News & Resources

USMEF Sees TPP Boost in Japan

14 Mar 2016

By Richard Smith
DTN Japan Correspondent

CHIBA CITY, Japan (DTN) -- Phil Seng, president and CEO of the U.S. Meat Export Federation, said the time is not ripe to make any volume increase forecast for exports to Japan, but the Trans-Pacific Partnership agreement (TPP) will surely enhance the competitiveness of U.S. meat on the Japanese market.

"It will bring down the tariffs on beef and give us a level playing field," Seng said in an interview last week with DTN at the FOODEX international trade show.

Seng noted that under the Australia-Japan free trade agreement, the Japanese tariffs on beef don't go down as low as those under the TPP agreement. But after 15 years of the latter's coming into effect, the tariffs will go down lower for beef from signatory countries than under the agreement with Australia.

Under the Australia-Japan FTA, which came into effect in January last year, Japanese tariffs on beef, normally at 38.5%, will drop to 23.5% for chilled beef within 15 years. The tariff for frozen beef will fall to 19.5% within 18 years.

Conversely, under the TPP, the tariffs will fall overall to 9% over 15 years.

Seng also pointed out that the yen has recently appreciated to the U.S. dollar but weakened to the Australian dollar, giving U.S. exporters a currency rate edge over their Aussie counterparts.

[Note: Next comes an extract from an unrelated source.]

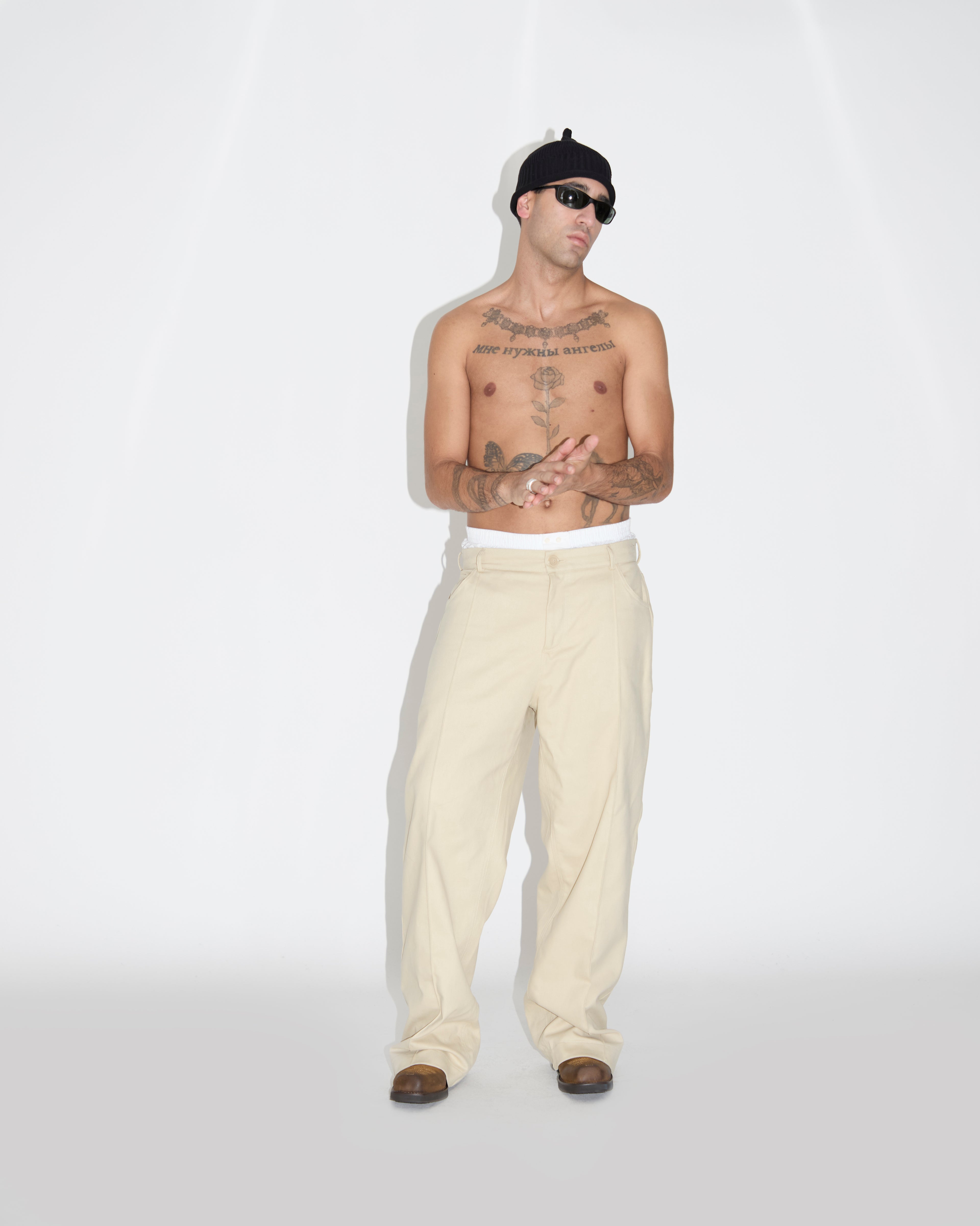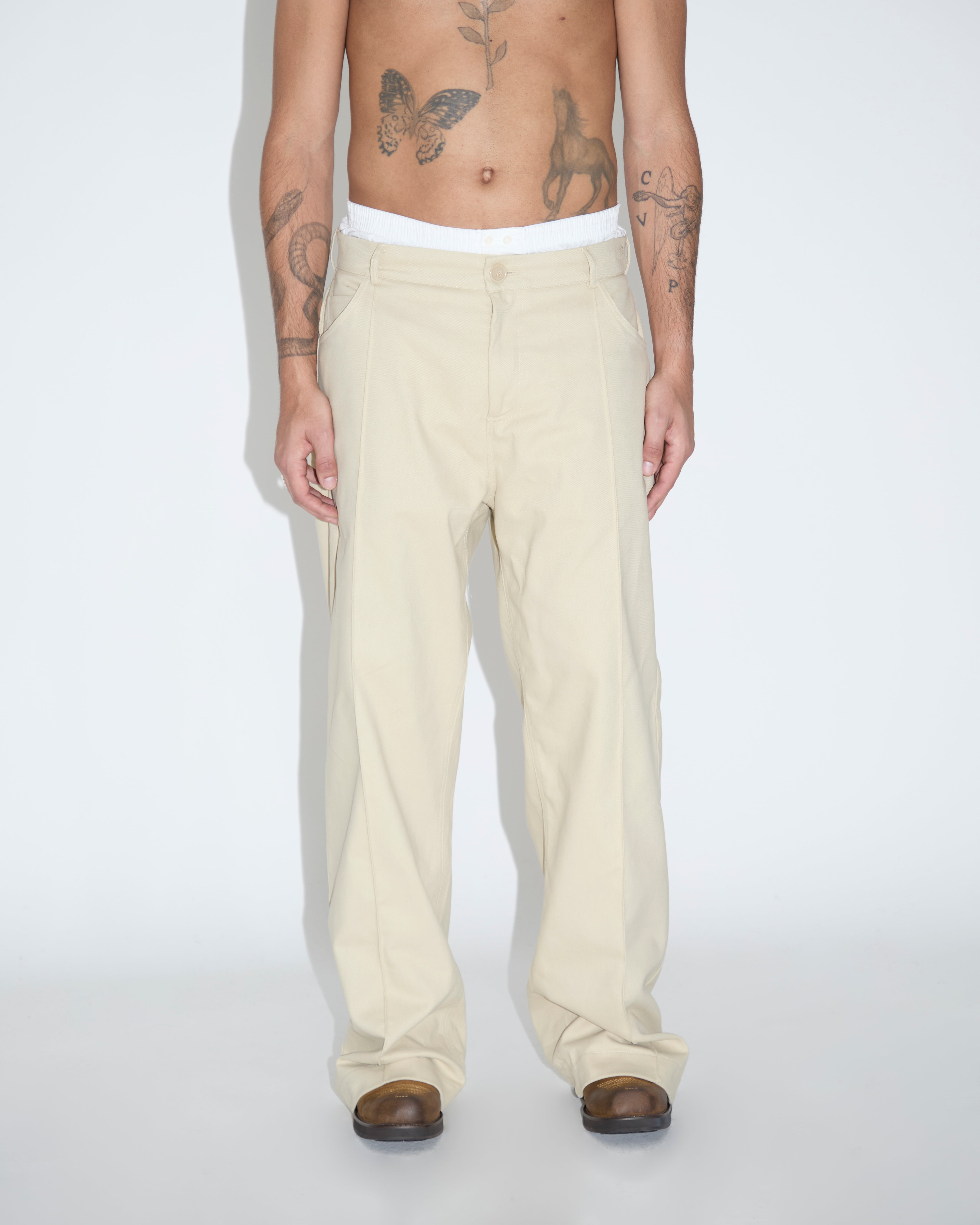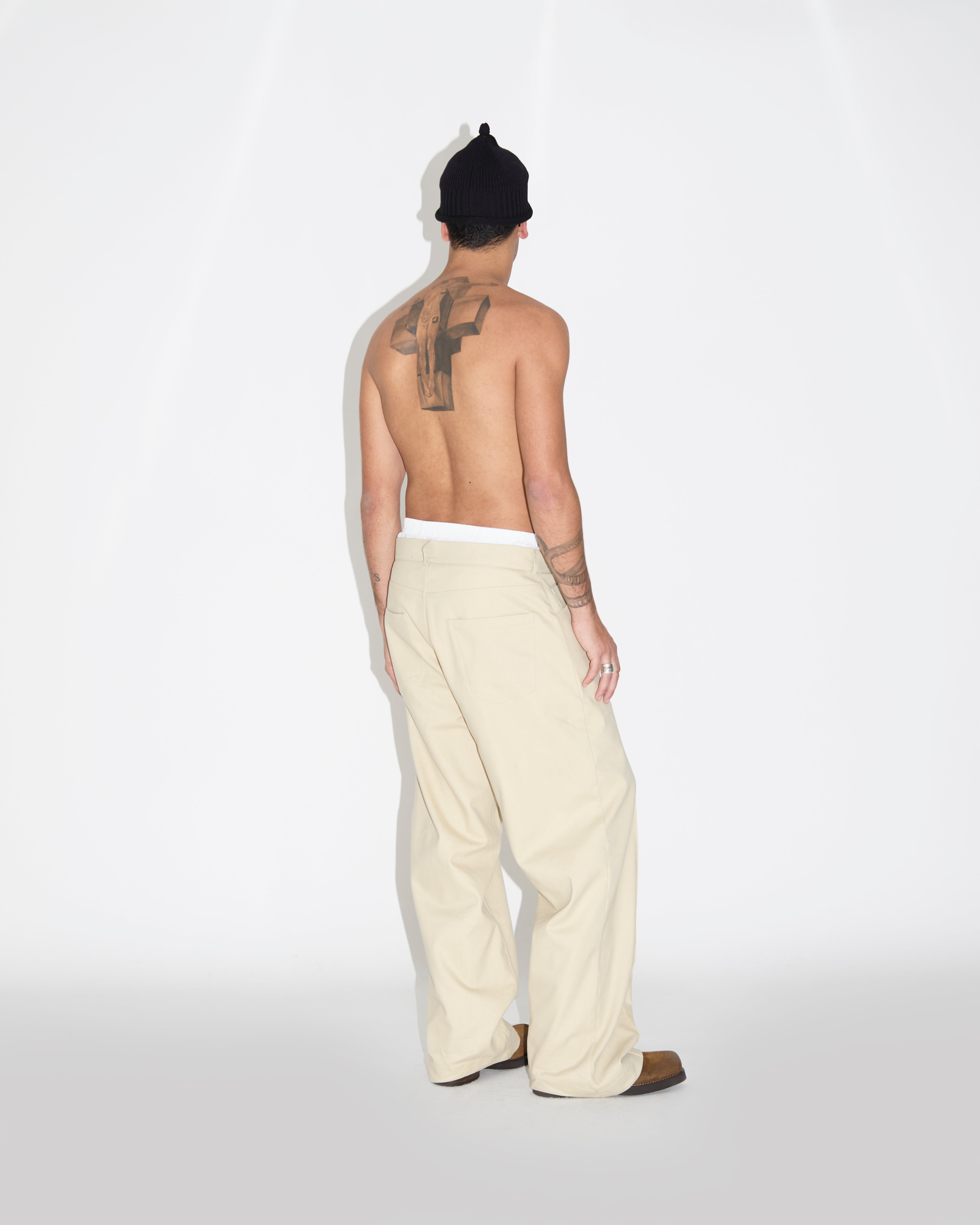 -Il nostro pantalone ha come caratteristica identificativa la parte posteriore del fondo che viene stondata risultando più corta della parte parte anteriore

Also, the drought in Australia has reduced the country's cattle herd size. "So we think our (beef) exports (to Japan) will increase," Seng said.

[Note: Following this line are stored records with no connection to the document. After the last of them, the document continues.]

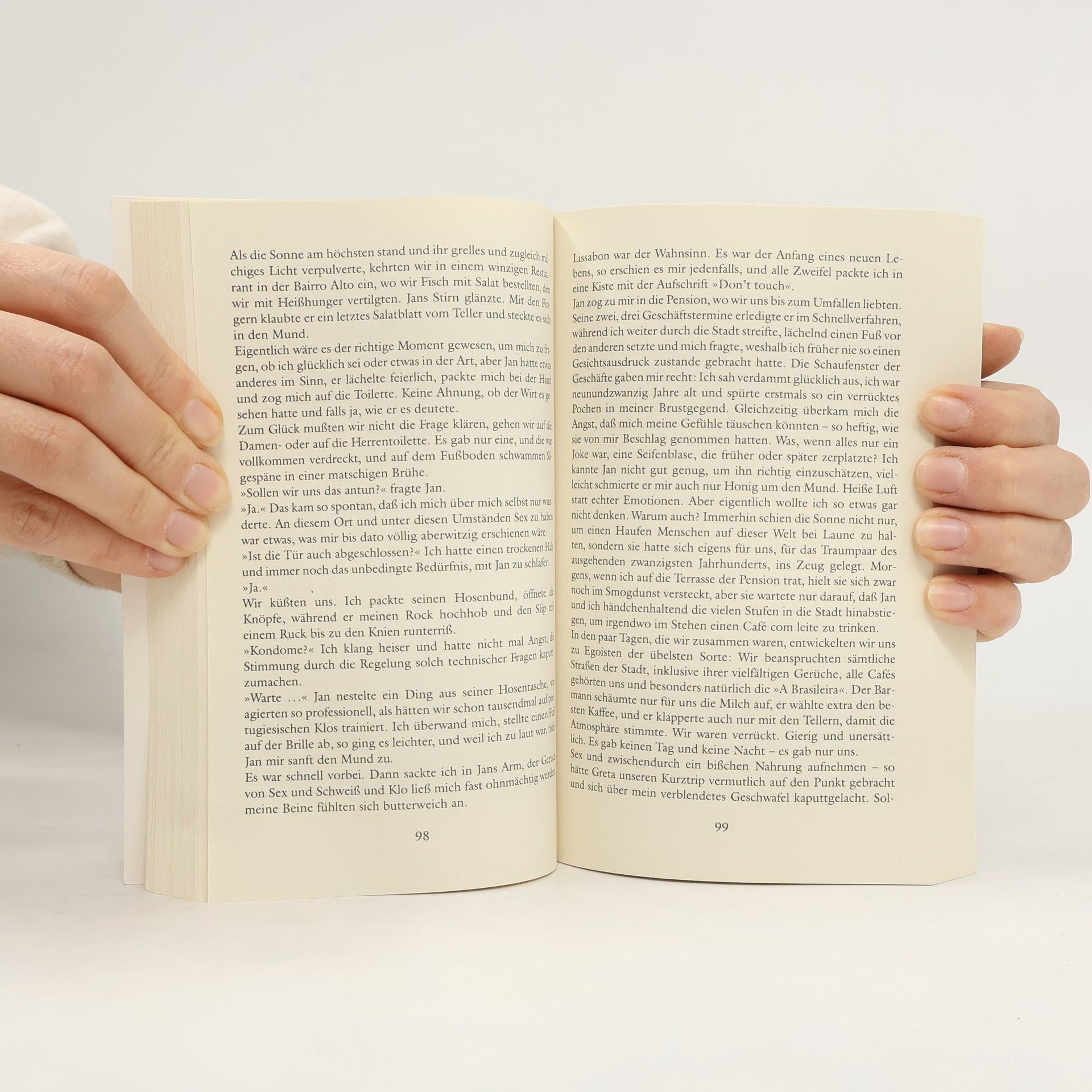Die 29jährige Katja lebt seit acht Jahren mit Tom zusammen. Eine Beziehung wie eingeschlafene Füße, schon länger geht jeder seiner Wege. Dann lernt Katja Jan kennen: ein Blickkontakt in der U-Bahn. Wenig später trifft sie den charismatischen Mann auf einem Fest wieder und läßt sich von ihm den Kopf verdrehen. Dabei sind die Konstellationen mehr als ungünstig: Jan ist nicht nur verheiratet, er hat auch drei kleine Kinder. Trotzdem nimmt die leidenschaftliche Affäre ihren Lauf, Katja folgt Jan auf eine erotische Odyssee nach Portugal und Italien und versucht zugleich ihre Karriere als Daily-Soap-Autorin ins Rollen zu bringen. Immer wieder funkt Hans, der Mann für alle Fälle, dazwischen, wodurch ihr Leben noch chaotischer wird. Hin- und hergerissen zwischen den beiden Männern, taumelt Katja durch die schönsten Cafés Europas, von deren Erotik sie sich magisch angezogen fühlt. Ein unkonventioneller Roman über Sex, Liebe und Freundschaft.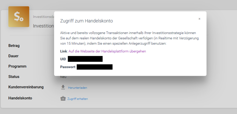 Als erstes können wir zwischen konservativ, mässig und einer aggressiven Strategie wählen. Danach können wir die Laufzeit von 2, 4, 6, 8, 10 und 12 Monaten wählen. Natürlich gilt hier, je länger die Laufzeit und je aggressiver, desto mehr Rendite. Bei allen Plänen erhalten wir am Ende der Laufzeit 100% unseres Investments zurück erstattet!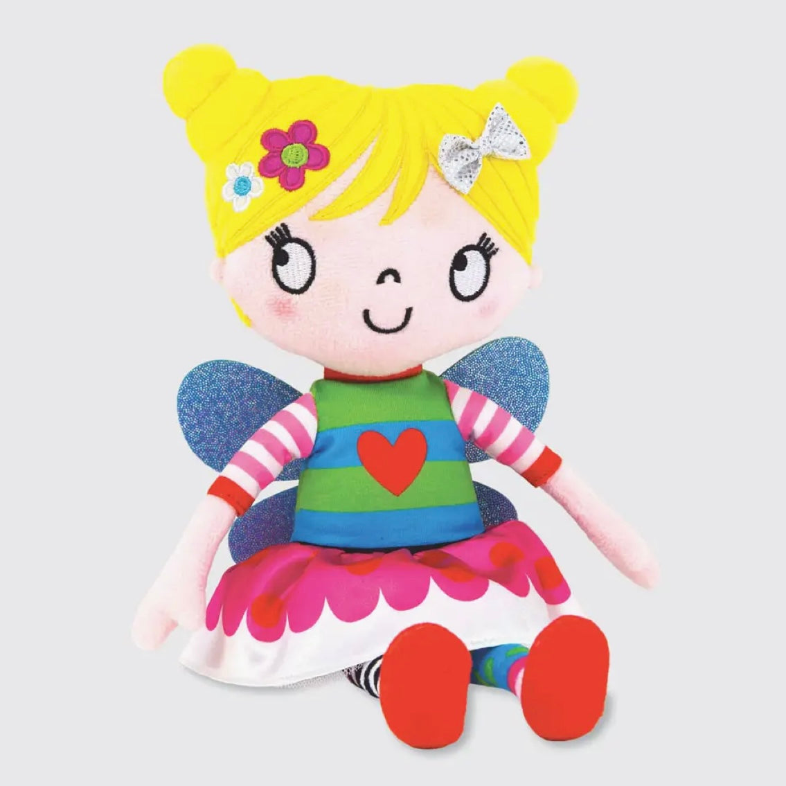 Mary the fairy. I am fast and funny, happy and lucky. I love glitter and sparkle and baking fairy cakes with a special sprinkling of fairy dust. Always remember..' Be lovely and sparkle'. A large plush character. Each doll has been made to the highest standard with a mix of textured fabrics to suit the character and the multicolored embroidery adds extra attention to detail. Suitable from birth. Size: approx. Height 32 cm. suitable from birth.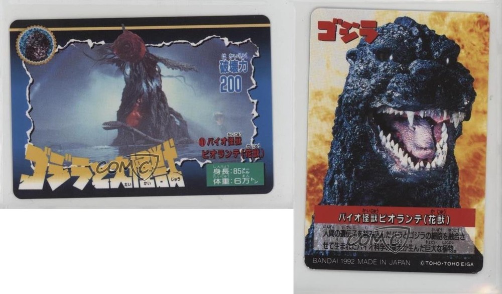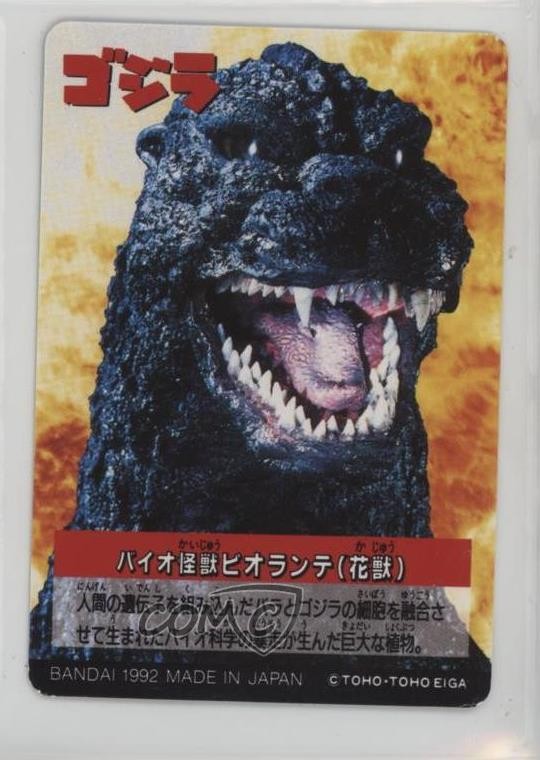 This Bandai Godzilla card featuring Biollante is a must-have for any kaiju collector! The artwork is stunning, capturing the monstrous plant creature in vivid detail. A fantastic addition to any vintage Godzilla set—highly recommended for fans of the franchise.

U.S. beef exports to Japan hit $1.58 billion in 2014, but dropped roughly 18% in 2015. The U.S. spent more than a decade rebuilding the beef market to Japan after being cut off in 2003 following a case of bovine spongiform encephalopathy.

Pork exports ride on the same potential optimism with TPP, Seng said, as Japan's 20% tariff on ground, seasoned pork and 10% tariff on sausages will be eliminated in six years of the TPP's coming into effect. Japan's current 4.3% tariff on fresh, chilled, and frozen pork cuts will immediately be cut in half, with the residual duty eliminated in 10 years.

The "Gate Price" system will remain, but Japan will immediately reduce the specific duty on pork cuts from its previous maximum charge of 482 yen per kilo to 125 yen, with a further reduction to 50 yen by the 10th year.

The U.S. is looking for a rebound in pork exports to Japan after seeing both volume and value decline in 2015. U.S. pork exports to Japan fell to $1.59 billion, the lowest since 2009.

Seng said one hears a lot of talk about Japan's population declining, which would reduce demand for overall food exports. He emphasized, however, that tourists in Japan last year numbered 20 million. "We see that going up to 30 million" a year, Seng said.

So the total Japanese population is going down, but the tourist population is increasing, which creates a huge potential in the hotel and restaurant business, Seng said. "You take that, with the tariffs declining, and it's a terrific opportunity," he said.

Also participating in FOODEX, Ohio-based pork processor Sugardale's director of international business Avy Konor dared tread where Seng wouldn't, predicting that the TPP would allow his company to at least double its business in Japan. "Japanese companies will approach us," Konor said.

Jay Theiler, vice-president for Idaho-based Agri Beef, said the TPP's coming into effect will be an important step for his company. Because of the Australia-Japan FTA and resultant tariff reduction for Australian beef, U.S. beef exporters to Japan are 8.5 percentage points behind their Aussie competitors, Theiler said. "Each year we delay the TPP, we will see erosion of competitive advantage to Australia," he said.